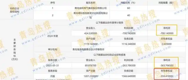 青岛青科益和职业技能培训学校有限公司,注册地位于黄岛区黄河中路388号,成立于2021年,法定代表人为尹瑞刚,属教育行业。其2024年度营业收入424.53万元,净利润为亏损700.14万元,资产总额1119.16,所有者权益仅2.82万元。而截至2025年5月31日其营业收入为69.876700,净利润为亏损363.706500万元,资产总额为1207.23万元,所有者权益为亏损359.41万元。
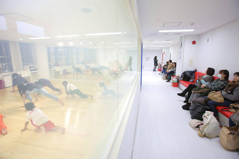 保護者の方がくつろぎながらお子様のレッスンの様子をご覧頂けるように考えた、偏光ガラスを使用したレッスン室。集中しなければならない時などは、ボタンひとつで曇りガラスに切り替えが可能。
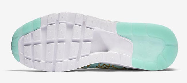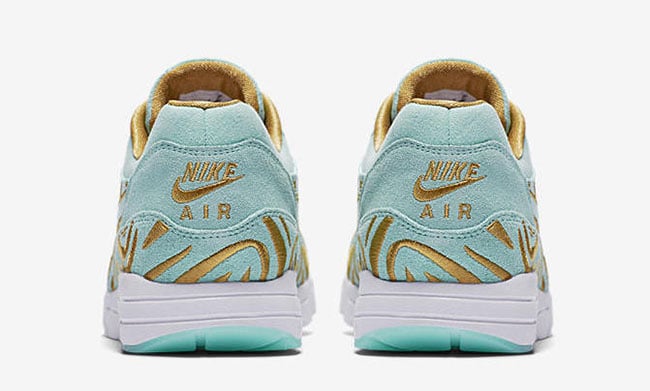 The Ultra edition of the Nike Air Max 1 shown features an eye-catching teal through the base with suede materials. Following is Gold used through the unique design seen through the mudguard, uppers and branding. Completing the look is a White midsole and Paris abbreviated on the lace jewel.
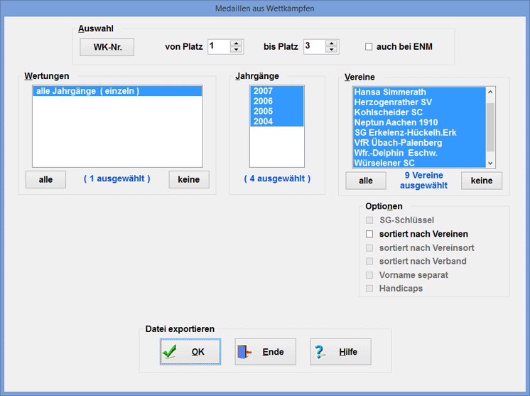 Normalerweise erhalten ENM-pflichtige Schwimmer keine Medaillen. Ist das betreffende Kontrollfeld aber aktiviert, so werden auch ENM-pflichtige Schwimmer in die Datei aufgenommen.
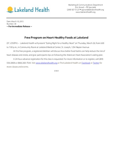 Lakeland Offers Class on Nutrition in Cancer Treatment (ST. JOSEPH) – Lakeland Health will offer a free nutrition class to cancer patients undergoing treatment and their families. “Nutrition Matters in Cancer Treatment” will... read moreNiles-Westside Church Service for March 14
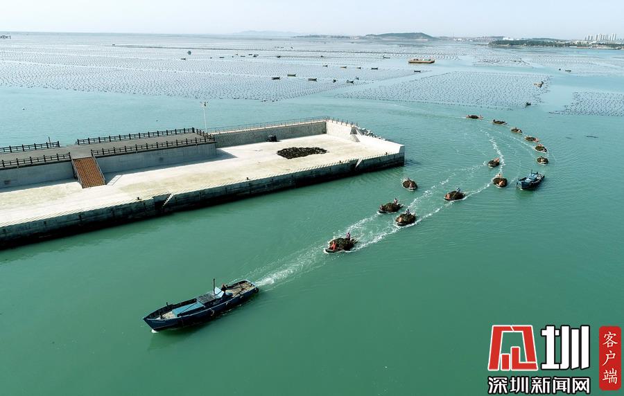 目前正是遼寧省大連市長??h扇貝和魚類收獲的季節(jié),長??h小長山島海域經(jīng)典國家級(jí)海洋牧場呈現(xiàn)出一片繁忙的豐收景象。
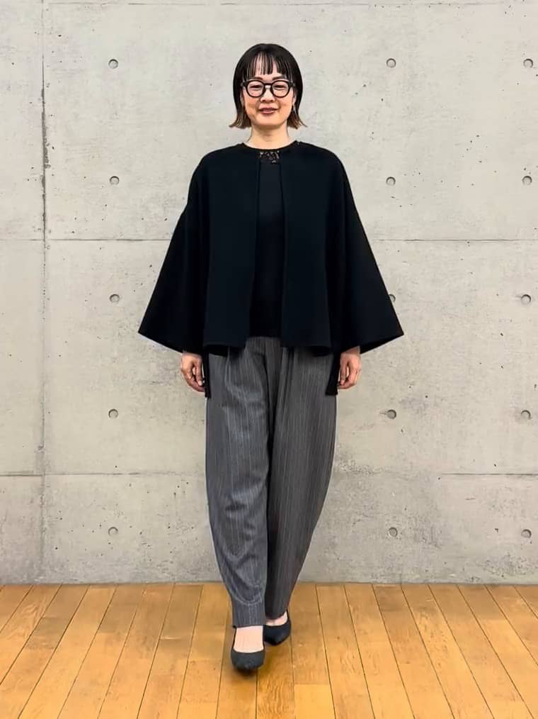 スタイリスト戸野塚さんコラボのブラックリバーコートを主役に、トップスもブラックで統一。グレーストライプのパンツで軽やかさをプラスしたモードスタイルです✨
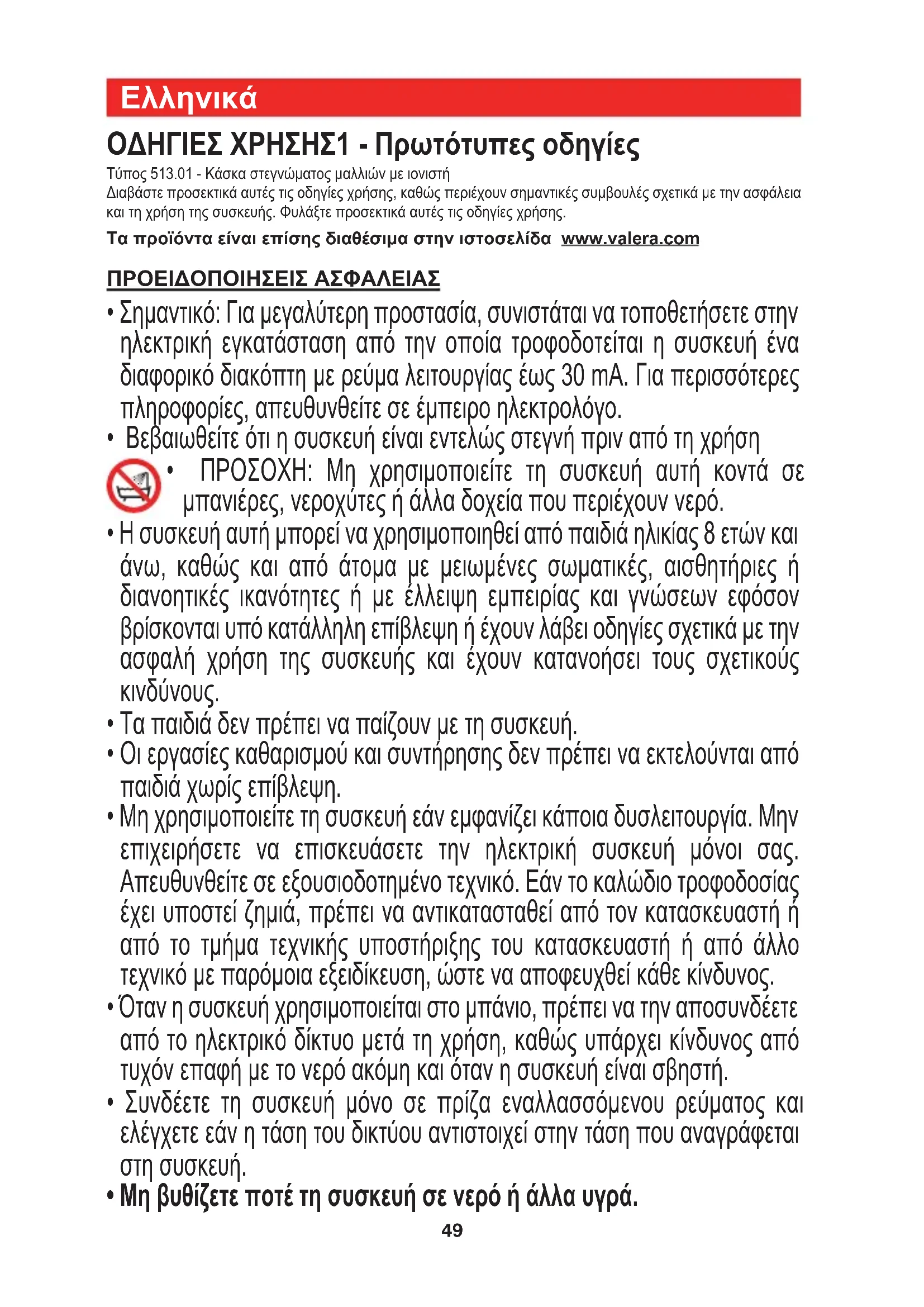 ΟΔΗΓΙΕΣ ΧΡΗΣΗΣ1 - Πρωτότυπες οδηγίες Τύπος 513.01 - Κάσκα στεγνώματος μαλλιών με ιονιστή Διαβάστε προσεκτικά αυτές τις οδηγίες χρήσης, καθώς περιέχουν σημαντικές συμβουλές σχετικά με την ασφάλεια και τη χρήση της συσκευής. Φυλάξτε προσεκτικά αυτές τις οδηγίες χρήσης. Τα προϊόντα είναι επίσης διαθέσιμα στην ιστοσελίδα www.valera.com ΠΡΟΕΙΔΟΠΟΙΗΣΕΙΣ ΑΣΦΑΛΕΙΑΣ
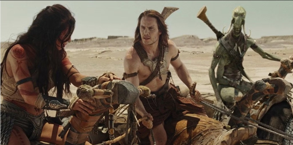 Former Confederate Army Captain John Carter is tired of fighting other people’s wars and has now dedicated his nomadic life to discovering enough gold to afford him the life of living separate from the rest of the world. However, the grizzled soldier turned prospector finds way more than he bargained for when a run in with the cavalry sees him stumble upon a strange cave loaded with gold and a strange, bald being who is shot dead by Carter in self defence. After touching a strange medallion on the dead man’s person, Carter suddenly finds himself transported from Arizona territory to the planet Barsoom (which we know as Mars) and a whole new chapter of his life begins.

※

The complete listing must be transcribed verbatim, and all pictures are to be omitted.

 青岛青科益和职业技能培训学校有限公司,注册地位于黄岛区黄河中路388号,成立于2021年,法定代表人为尹瑞刚,属教育行业。其2024年度营业收入424.53万元,净利润为亏损700.14万元,资产总额1119.16,所有者权益仅2.82万元。而截至2025年5月31日其营业收入为69.876700,净利润为亏损363.706500万元,资产总额为1207.23万元,所有者权益为亏损359.41万元。
 保護者の方がくつろぎながらお子様のレッスンの様子をご覧頂けるように考えた、偏光ガラスを使用したレッスン室。集中しなければならない時などは、ボタンひとつで曇りガラスに切り替えが可能。
 The Ultra edition of the Nike Air Max 1 shown features an eye-catching teal through the base with suede materials. Following is Gold used through the unique design seen through the mudguard, uppers and branding. Completing the look is a White midsole and Paris abbreviated on the lace jewel.
 Normalerweise erhalten ENM-pflichtige Schwimmer keine Medaillen. Ist das betreffende Kontrollfeld aber aktiviert, so werden auch ENM-pflichtige Schwimmer in die Datei aufgenommen.
 Lakeland Offers Class on Nutrition in Cancer Treatment (ST. JOSEPH) – Lakeland Health will offer a free nutrition class to cancer patients undergoing treatment and their families. “Nutrition Matters in Cancer Treatment” will... read moreNiles-Westside Church Service for March 14
 目前正是遼寧省大連市長??h扇貝和魚類收獲的季節(jié),長??h小長山島海域經(jīng)典國家級(jí)海洋牧場呈現(xiàn)出一片繁忙的豐收景象。
 スタイリスト戸野塚さんコラボのブラックリバーコートを主役に、トップスもブラックで統一。グレーストライプのパンツで軽やかさをプラスしたモードスタイルです✨
 ΟΔΗΓΙΕΣ ΧΡΗΣΗΣ1 - Πρωτότυπες οδηγίες Τύπος 513.01 - Κάσκα στεγνώματος μαλλιών με ιονιστή Διαβάστε προσεκτικά αυτές τις οδηγίες χρήσης, καθώς περιέχουν σημαντικές συμβουλές σχετικά με την ασφάλεια και τη χρήση της συσκευής. Φυλάξτε προσεκτικά αυτές τις οδηγίες χρήσης. Τα προϊόντα είναι επίσης διαθέσιμα στην ιστοσελίδα www.valera.com ΠΡΟΕΙΔΟΠΟΙΗΣΕΙΣ ΑΣΦΑΛΕΙΑΣ
 Former Confederate Army Captain John Carter is tired of fighting other people’s wars and has now dedicated his nomadic life to discovering enough gold to afford him the life of living separate from the rest of the world. However, the grizzled soldier turned prospector finds way more than he bargained for when a run in with the cavalry sees him stumble upon a strange cave loaded with gold and a strange, bald being who is shot dead by Carter in self defence. After touching a strange medallion on the dead man’s person, Carter suddenly finds himself transported from Arizona territory to the planet Barsoom (which we know as Mars) and a whole new chapter of his life begins.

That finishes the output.